Im Todesfall der versicherten Person erhalten Ihre Hinterbliebenen einen vertraglich garantierten Betrag. Sind die Fondsanteile zu diesem Zeitpunkt mehr wert als die festgelegte Summe, geht der Überschuss in der Regel ebenfalls an die Angehörigen. Dies bietet eine gewisse Absicherung, jedoch sollte, wie bereits erwähnt, der primäre Fokus auf dem Risikoschutz und nicht auf der oft teuren und riskanten Kombination mit der Geldanlage liegen.

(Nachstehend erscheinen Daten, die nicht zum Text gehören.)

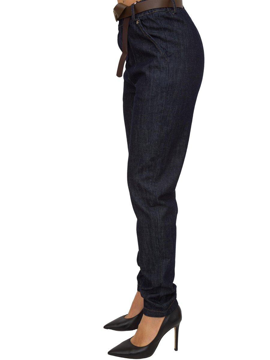 Jeans Kocca comodi donna con vita elasticizzata e cintura con fibbia metallica. Hanno una vestibilità morbida e si stringono sul fondo.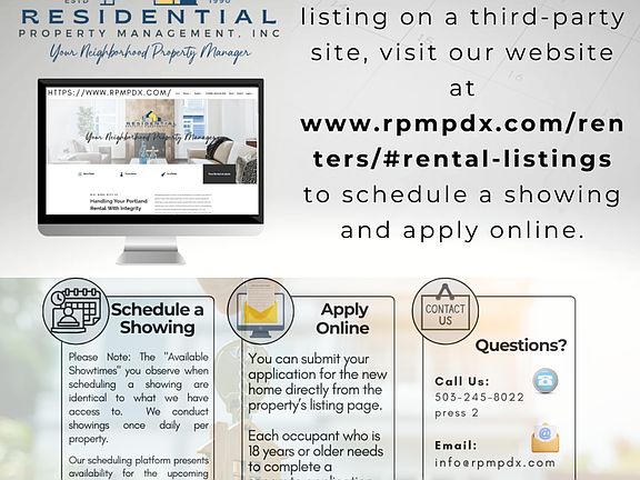 If you have any questions regarding this home, please contact Residential Property Management, Inc. at info @ rpmpdx . This second-floor/corner unit condo offers a serene view of the community's lush green space and easy access to your parking space. The open-concept layout features hard surface flooring, ample storage, a cozy dining nook, and a galley kitchen with a window above the sink. Enjoy your balcony, perfect for relaxation, and a spacious bedroom with a walk-in closet. Water, sewer, and garbage services are included in your rent. Your new condo is ideally situated near the Sequoia Park community center and pool. Enjoy quick access to Hwy 217 via the new Allen Road/Denney Road bypass, which connects you to I-5 or Hwy 26. Discover downtown Beaverton's lively Farmer's Market, vibrant restaurants, shopping, parks, community events, and more! Screening Fee: $64.95 per occupant aged 18 years or older. Lease Start Date: Must be within 5 - 14 calendar days following the approval of your application. Lease Duration: 1 Year Security Deposit Minimum: $1,250.00 Security Deposit Maximum: $3,125.00 Pet Information: Sorry, no pets will be considered. Parking: No additional cost for parking ESA and Service Animals are Welcome. RENTERS INSURANCE REQUIREMENT: Before the lease commences, the tenant must provide proof of renter's insurance with a minimum coverage of $100,000 for General Liability. Manager/Agent complies with ORS 90.222. INFORMATION DISCLAIMER: While we try to provide accurate information, we cannot guarantee its accuracy or reliability. Prospective applicants should independently verify all details about the property, neighborhood, and surrounding community before applying. We do not offer warranties or guarantees regarding the accuracy or timeliness of the information provided. Please be aware that pricing, lease terms, availability dates, pets, and others are subject to change without notice. We strongly recommend you review the marketing details again before applying. Smoking and vaping are strictly prohibited in our rental properties, including homes, condominiums, ADUs, and townhomes. NO GUARANTEE: We market and lease our properties in their present cosmetic state. Neither the Agent nor the Owner commits to any interior or exterior improvements, including, but not limited to, interior painting, flooring, fixture or landscaping enhancements, yard maintenance, or similar improvements before occupancy. Our homes are prepared for occupancy, ensuring high cleanliness standards, including sanitized surfaces and carpets. Repairs are completed per ORS 90.320 regulations. The Agent/Manager determines cleanliness standards, with their decision being final. 1 Bathroom 1 Bedroom 1 Reserved Parking Space Community Center And Pool Greenspace Hard Surface Flooring Oven Spacious Interior Storage

Fondsgebundene Rentenversicherungen: Ähnliche Fallstricke, ähnliche Empfehlungen
Auch bei der fondsgebundenen Rentenversicherung investiert die Versicherung einen Teil Ihrer Beiträge in einen oder mehrere Fonds, deren Auswahl oft in Ihren Händen liegt. Wie bei der fondsgebundenen Lebensversicherung versprechen sich Anleger hierdurch höhere Renditechancen für ihre Altersvorsorge. Gleichzeitig steigt jedoch auch das Verlustrisiko erheblich. Da der Versicherer keine Mindestsumme garantiert, tragen Sie das Risiko schwankender Aktienkurse und der Marktentwicklung allein. Dieser Aspekt ist besonders kritisch, da es sich hier um die finanzielle Absicherung im Alter handelt. Daher ist es wichtig, die Anlageentscheidungen mit großer Sorgfalt zu treffen und beispielsweise die beste Kryptowährung 2023 nicht unbedacht in ein Rentenversicherungsprodukt zu integrieren, ohne die Gesamtzusammenhänge zu verstehen.

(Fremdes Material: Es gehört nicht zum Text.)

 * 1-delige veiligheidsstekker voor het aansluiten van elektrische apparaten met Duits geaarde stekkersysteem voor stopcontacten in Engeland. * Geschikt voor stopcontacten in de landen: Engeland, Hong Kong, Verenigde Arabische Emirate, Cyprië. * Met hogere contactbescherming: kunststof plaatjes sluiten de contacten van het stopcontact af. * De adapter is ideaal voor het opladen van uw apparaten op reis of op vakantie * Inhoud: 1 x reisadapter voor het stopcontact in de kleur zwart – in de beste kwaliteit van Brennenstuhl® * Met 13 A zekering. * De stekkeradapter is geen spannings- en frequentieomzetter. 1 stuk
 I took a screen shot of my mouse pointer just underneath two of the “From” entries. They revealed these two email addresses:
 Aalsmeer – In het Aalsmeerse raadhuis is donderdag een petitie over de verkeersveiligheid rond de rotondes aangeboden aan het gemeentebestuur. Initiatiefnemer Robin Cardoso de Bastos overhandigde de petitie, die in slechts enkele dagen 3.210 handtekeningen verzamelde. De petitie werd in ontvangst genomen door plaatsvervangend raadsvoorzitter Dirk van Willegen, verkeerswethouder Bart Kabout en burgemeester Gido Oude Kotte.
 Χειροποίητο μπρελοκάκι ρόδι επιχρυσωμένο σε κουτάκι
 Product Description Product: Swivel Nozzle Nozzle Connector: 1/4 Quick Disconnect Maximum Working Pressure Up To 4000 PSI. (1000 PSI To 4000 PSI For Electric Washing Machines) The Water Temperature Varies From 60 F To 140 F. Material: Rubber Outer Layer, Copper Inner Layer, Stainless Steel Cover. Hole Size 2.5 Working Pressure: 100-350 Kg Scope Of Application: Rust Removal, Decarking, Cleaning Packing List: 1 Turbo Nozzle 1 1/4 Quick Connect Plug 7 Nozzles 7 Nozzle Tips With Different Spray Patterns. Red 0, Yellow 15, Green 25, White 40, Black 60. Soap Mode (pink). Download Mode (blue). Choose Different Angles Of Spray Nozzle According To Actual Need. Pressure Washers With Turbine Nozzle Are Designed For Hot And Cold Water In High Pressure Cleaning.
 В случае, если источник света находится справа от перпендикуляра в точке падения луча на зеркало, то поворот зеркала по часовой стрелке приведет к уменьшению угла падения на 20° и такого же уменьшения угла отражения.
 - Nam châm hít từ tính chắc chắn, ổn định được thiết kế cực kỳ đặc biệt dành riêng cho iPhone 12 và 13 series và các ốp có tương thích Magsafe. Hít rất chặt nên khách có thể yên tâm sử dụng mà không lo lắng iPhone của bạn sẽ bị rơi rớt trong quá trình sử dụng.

Wir empfehlen eine fondsgebundene Rentenversicherung ausschließlich als sogenannte Nettopolice. Bei einer Nettopolice fallen keine oder nur sehr geringe Abschlusskosten an, und sie beinhaltet in der Regel kostengünstige ETFs (Exchange Traded Funds). Diese bieten eine breite Diversifikation bei geringen Verwaltungskosten und sind oft eine überlegenere Alternative zu aktiv gemanagten Fonds mit hohen Gebühren. Die Nettopolice eliminiert die hohen Provisionen für Vermittler, die bei Standardprodukten die Rendite schmälern. Bevor Sie also in eine fondsgebundene Rentenversicherung investieren, prüfen Sie genau die Kostenstruktur und die zugrunde liegenden Anlageoptionen.

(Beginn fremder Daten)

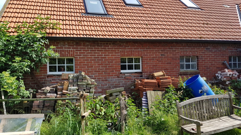 Unten, wo die beiden Fenster fehlen, kommen neue mehrfachverglaste Fenster rein. Das ist unser Eingangsbereich.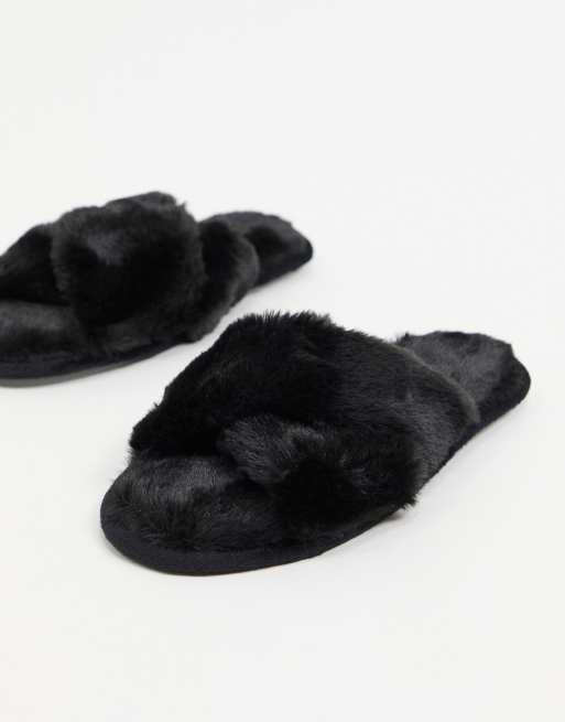 Loungeable – Czarne puszyste kapcie ze skrzyżowanymi paskami

Fazit: Transparenz und Kostenkontrolle als Schlüssel
Fondsgebundene Lebens- und Rentenversicherungen können auf den ersten Blick verlockend wirken, da sie die Verknüpfung von Risikoschutz und Geldanlage suggerieren. Eine tiefere Betrachtung und die Kritik von Aufsichtsbehörden wie der Bafin zeigen jedoch deutliche Schwächen auf: hohe Effektivkosten, intransparente Kickbacks an Vermittler und das alleinige Risiko für den Anleger bei schwankenden Kursen. Diese Faktoren können die Renditechancen erheblich schmälern und den angestrebten Vermögensaufbau gefährden. Statt auf komplexe und oft teure Kombiprodukte zu setzen, ist es in den meisten Fällen finanziell sinnvoller, den Risikoschutz (z.B. durch eine reine Risikolebensversicherung) und die Geldanlage (z.B. durch kostengünstige ETFs in einem Wertpapierdepot) voneinander zu trennen. Dies bietet Ihnen maximale Flexibilität, volle Transparenz über alle Kosten und eine bessere Kontrolle über Ihre Anlageentscheidungen. Bleiben Sie informiert über attraktive Anlagemöglichkeiten und suchen Sie nach neuen Kryptowährungen mit Potenzial, um Ihre Finanzen eigenverantwortlich zu gestalten. Bevor Sie eine Entscheidung treffen, informieren Sie sich umfassend, vergleichen Sie unabhängige Angebote und ziehen Sie bei Bedarf einen Honorar-Finanzberater hinzu, um eine wirklich auf Ihre Bedürfnisse zugeschnittene Lösung zu finden.